It is a common pattern to prefer non-semantic primary keys — auto-incremented integers or UUIDs — over semantic ones. It’s advisable to define unique indexes on the semantic identity fields, but sometimes you avoid it for performance reasons or you just forget.
When things screw up, you end up with multiple records relating to the same entity or relation. How do you clean things up?
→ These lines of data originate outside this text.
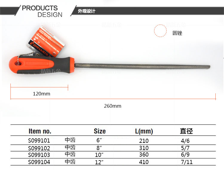 강철 방패 도구 중간 치아 라운드 파일 6/8/10/12 인치 철 파일 더블 컬러 플라스틱 핸들 라운드 녀석 S099305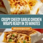 These Cheesy Garlic Chicken Wraps are an easy, crispy, and flavor-packed meal perfect for a quick lunch or dinner. Tender, seasoned chicken mixed with garlic, mayo, yogurt, and hot sauce is wrapped in tortillas with melted cheddar cheese and green onions, then pan-cooked until golden and crispy. This recipe provides a delicious combination of creamy, spicy, and cheesy flavors in a convenient handheld wrap.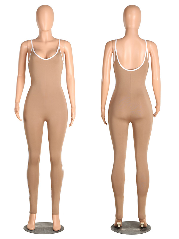 Home » Jumpsuit & Romper » Jumpsuit » Apricot Polyester Striped Skinny Jumpsuits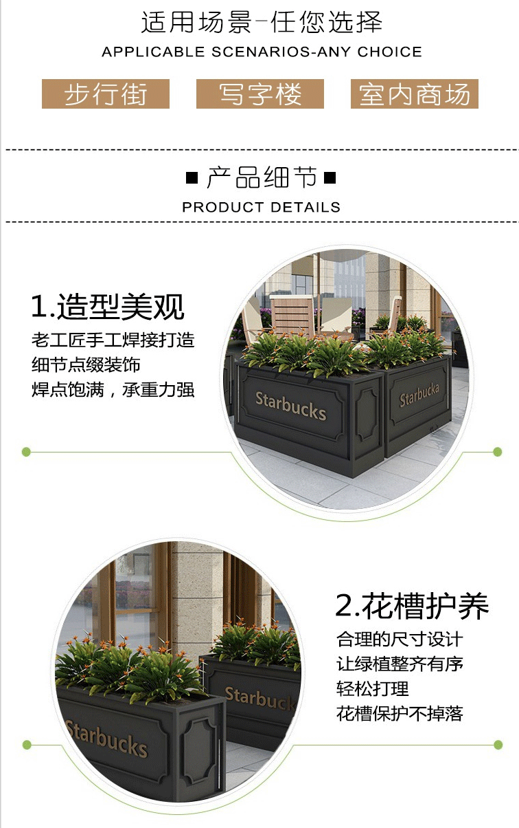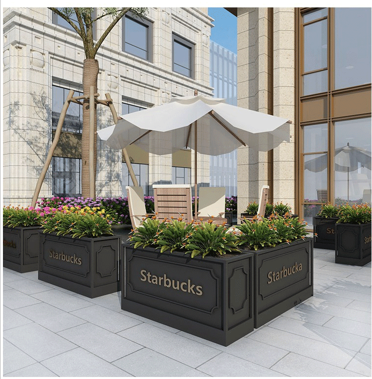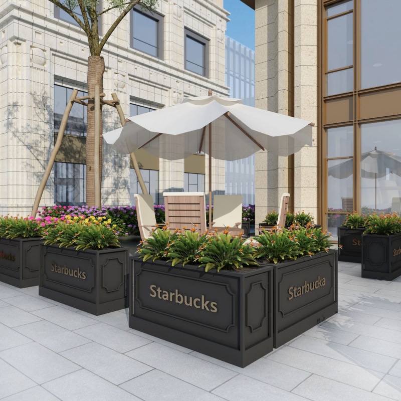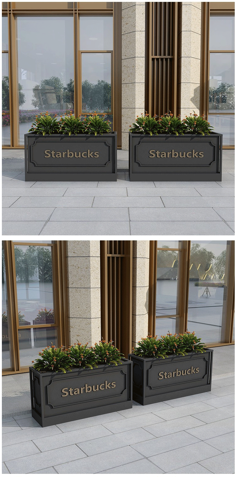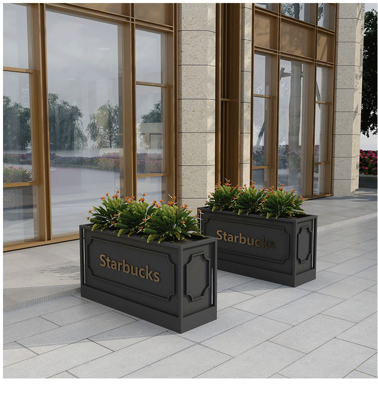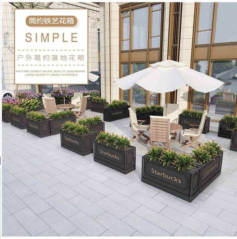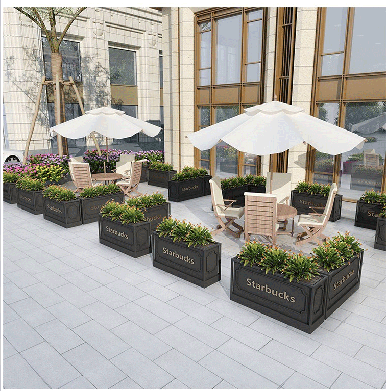 북유럽 영업부 야외 심기 화단 상업용 거리 광장 직사각형 철 꽃 홈 야외 풍경 꽃 상자스토어 가기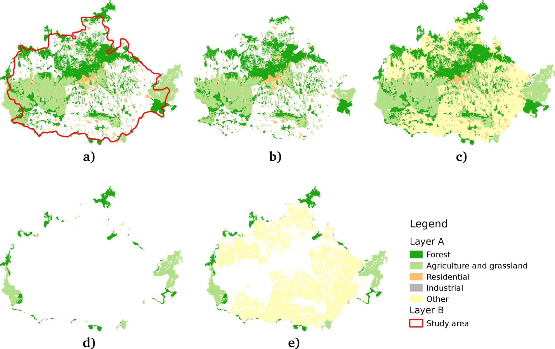 Appendix 1.3: Some of the basic geoalgorithms visualized. a: the two input layers (A and B per GRASS's v.overlay), b: clip (and), c: union (or), d: difference (nor), e: symmetrical difference (xor):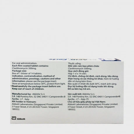 Viên nén bao film, hình trái xoan màu vàng chứa 500mg clarithromycin. Mỗi viên được khắc biểu trưng của Abbott trên một mặt.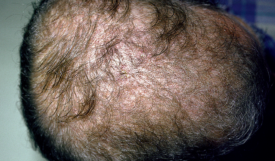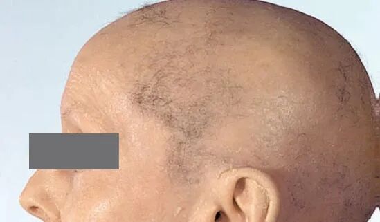 其临床表现是头皮增厚,伴随不同程度的继发性脱发,脱发可呈局灶性或弥漫性。其中,病变区头皮触诊为松软、沼泽样头皮。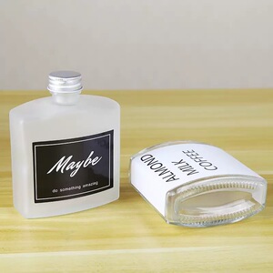 メーカー在庫あり 新型フロスト加工平型酒瓶 透明ガラス酒瓶 冷翠コーヒー ミルクティー空瓶 フルーツワイン瓶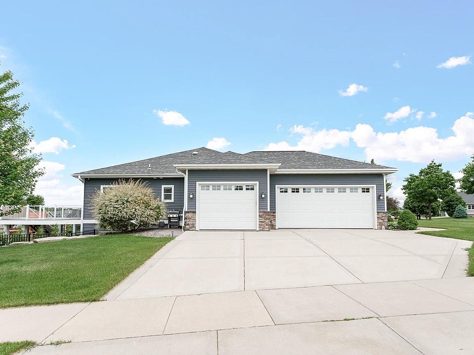 Beautiful ranch home in the desirable Rivers Turn neighborhood! Sitting on nearly a half-acre & ideally located near parks, golf, & Yahara River Trail. 3-car heated garage with ceiling fan has stairs to basement & a large mud/laundry room as you enter the home. The custom craftsmanship shows throughout with hand scraped wood floors, tray ceilings, & primary suite with large fully tiled walk-in shower. Listen to the birds on the large deck overlooking the backyard. Cozy family room with wet bar in lower level is perfect for snacks & a movie night or a game-day party. Lower level has walkout to fenced yard, full bath, 4th bedroom, bonus rooms (workout/office/etc.), concrete storm shelter, custom shelving, & convenient storage room with direct access to backyard.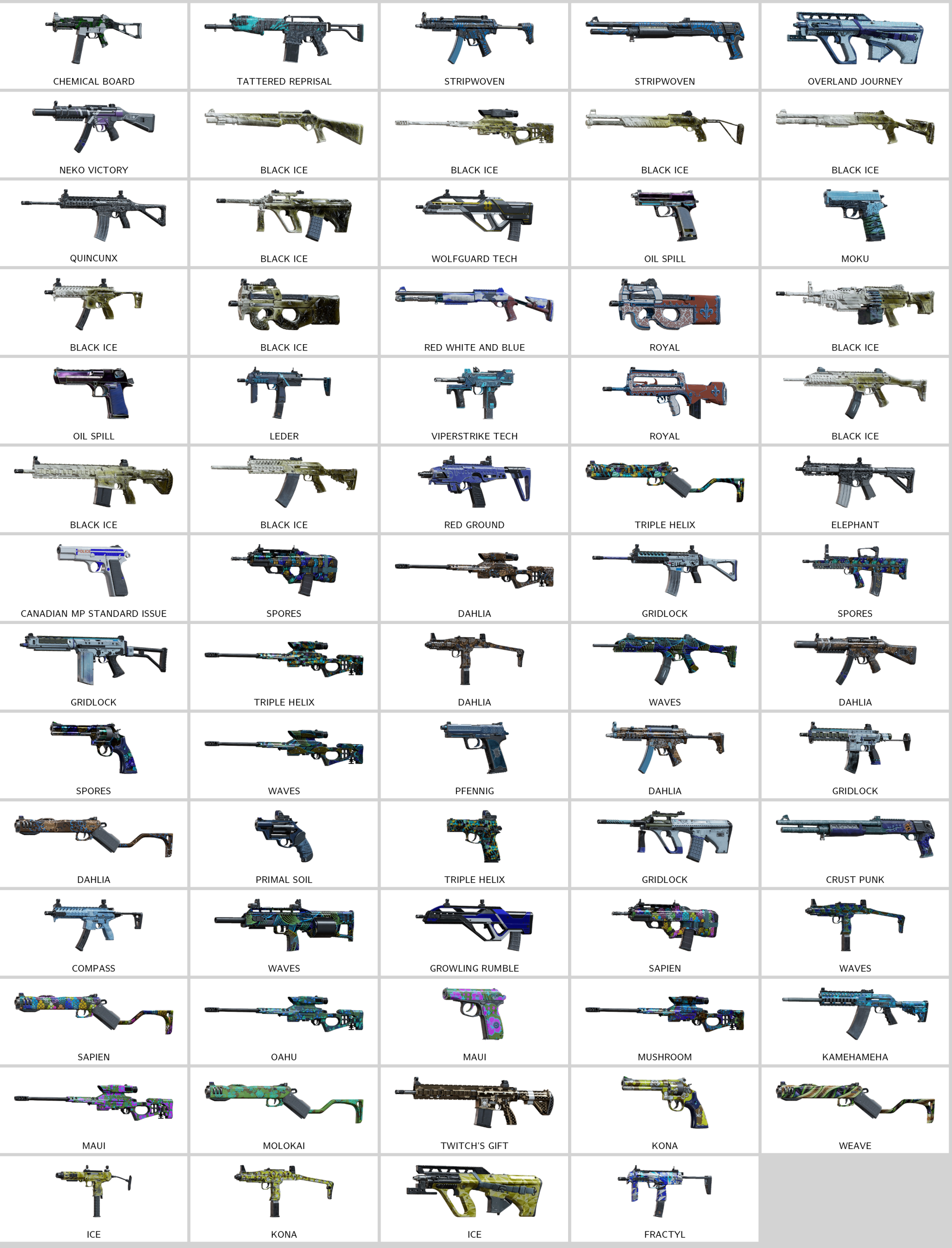 – Ethereal Marksman (416-C), Air Raid (CSRX300), Stone Talon (T-5 SMG), Unbreakable Shine (CSRX300), Neko Victory (MP5SD), Stripwoven (Super 90)…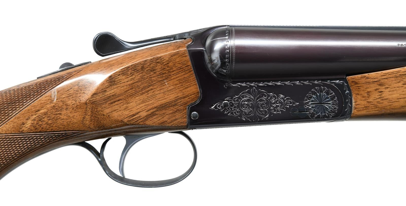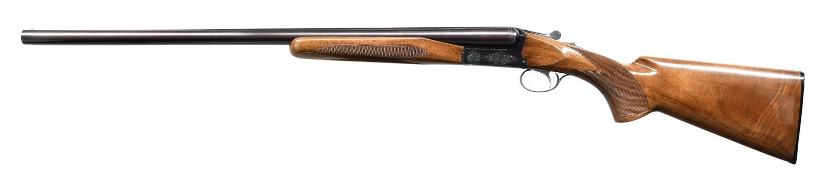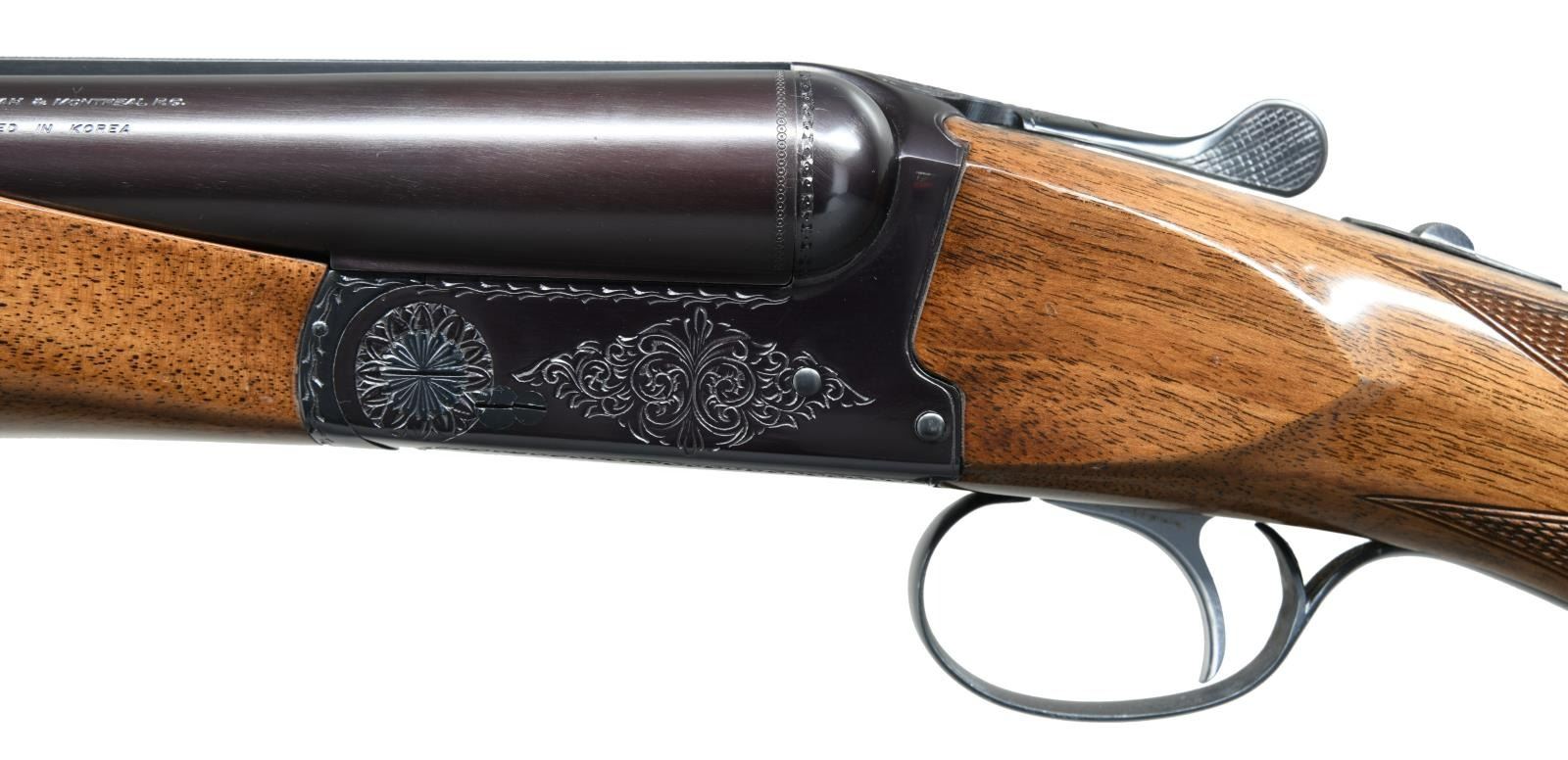 Cal. 12 Ga., 2 3/4" & 3". S# 5278A47 (1974). Bbls. 26" w/ matted rib & bright bead. Fixed Mod. chokes. Left bbl. marked "Made in Japan & Assembled in Korea". Blued boxlock action w/ scroll engraving. Silver plated single non selective trigger. Extractors. Beavertail forearm & pistol grip gloss finished checkered walnut stock. LOP: 14 1/4" to Browning buttplate. CONDITION: near excellent over 95% blue w/ bbls. acquiring a plum hue. Very good wood finish showing scattered handling marks that pierce the finish on buttstock. Buttplate has brown mildew staining. Bright shiny bores. (23-1801/MD). MODERN. $1,000-1,500.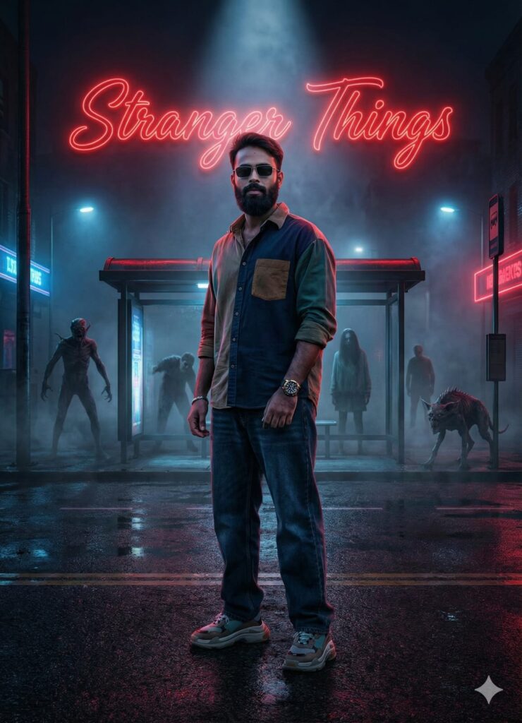 "A photorealistic cinematic portrait of a young man with a confident, bold expression, wearing stylish sunglasses. He stands firmly on a dark, wet main road at night. Behind him is a creepy, deserted bus stop. He is dressed in oversized casual streetwear: baggy jeans, a loose 'free size' shirt, chunky sneakers, and a wristwatch. The atmosphere is a dark horror scene, heavily bathed in dramatic volumetric dual-tone neon lighting, mixing deep reds and electric blues. Large, glowing, cursive neon script spelling "STRANGER THINGS" dominates the background wall. A sharp beam of light focuses specifically on his face and sunglasses, highlighting the details. 8k resolution, hyper-detailed, film grain." Don't change faces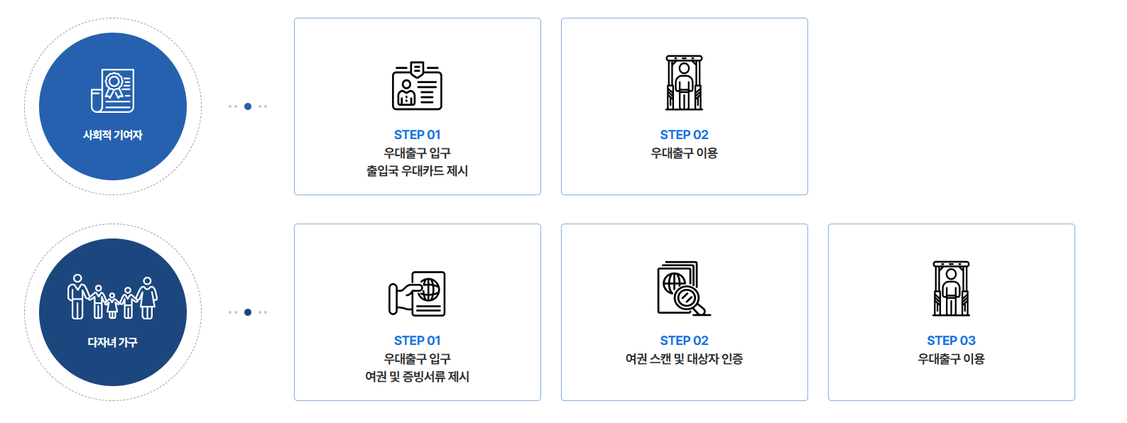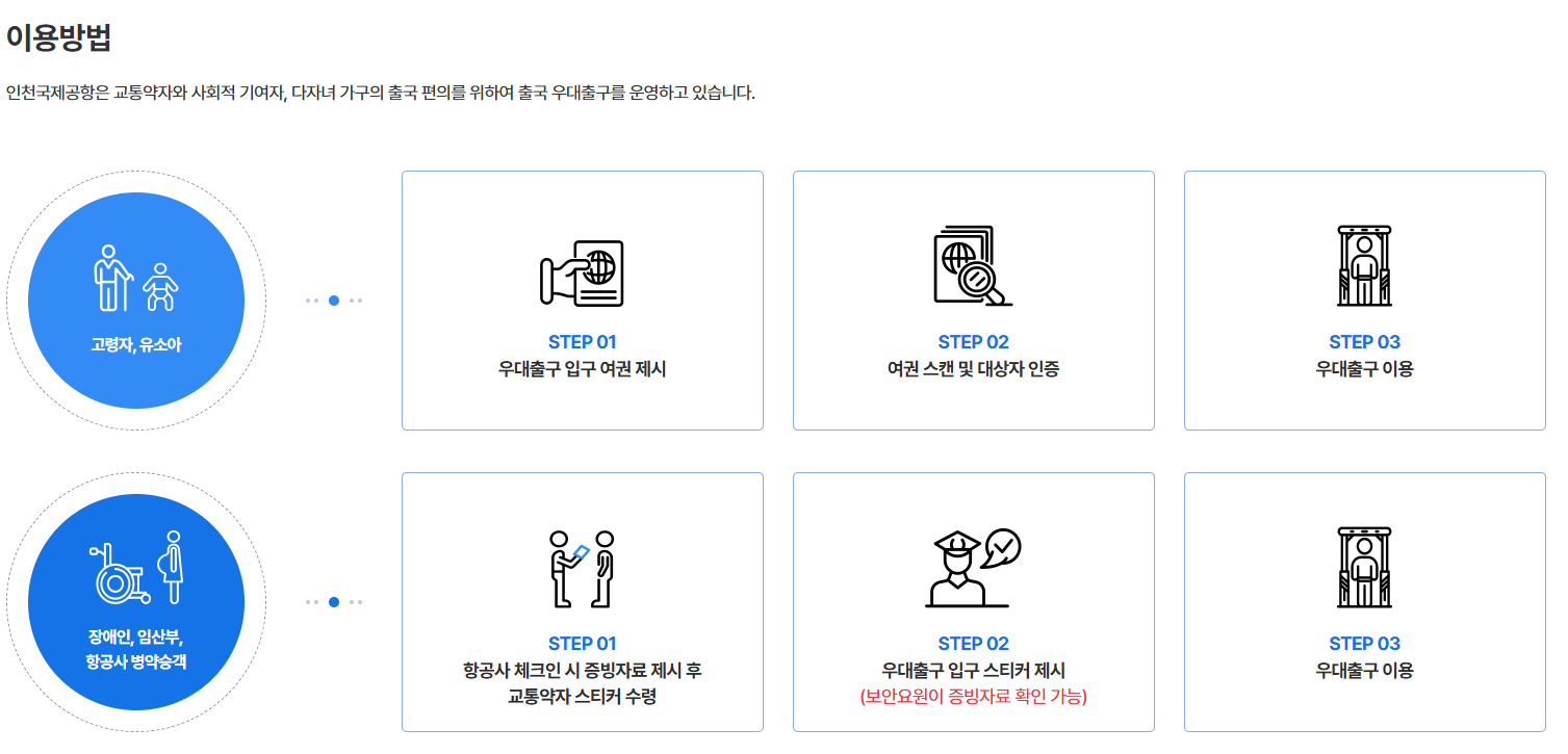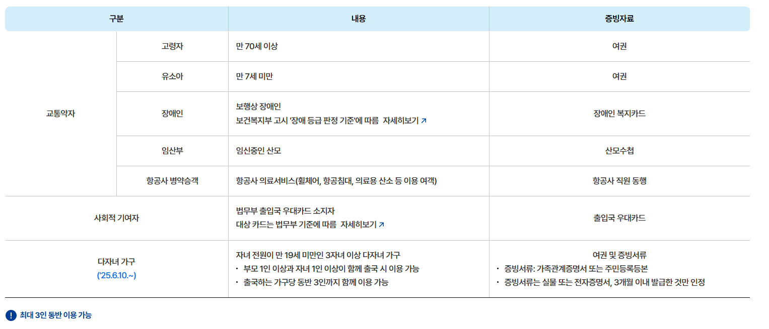 - 기타: 항공사 병약승객, 출입국 우대카드 소지자(모범납세자 등)

Let’s take the simple case of a many-to-many relation, implemented as a linking table:
CREATE TABLE First ( First_ID INT IDENTITY(1,1), -- more fields PRIMARY KEY (First_ID) ); CREATE TABLE Second ( Second_ID INT IDENTITY(1,1), -- more fields PRIMARY KEY (Second_ID) ); CREATE TABLE First_Second( First_Second_ID INT IDENTITY(1,1), First_ID INT FOREIGN KEY REFERENCES First, Second_ID INT FOREIGN KEY REFERENCES Second );
If we end up with duplicate First_Second records, we can get rid of them using this code:
WITH records(First_Second_ID, RecNo) AS
SELECT
First_Second_ID,
ROW_NUMBER() OVER( PARTITION BY First, Second ORDER BY First, Second) AS RecNo
FROM First_Second
DELETE FROM records WHERE RecNo > 1;
Doing the same without CTE is possible, but less clean and straightforward. It involves temporary tables, cursors or nested subqueries.
I learned this trick with Microsoft SQL Server. Postgresql, DB2, Oracle and a bunch of other databases support CTE as well.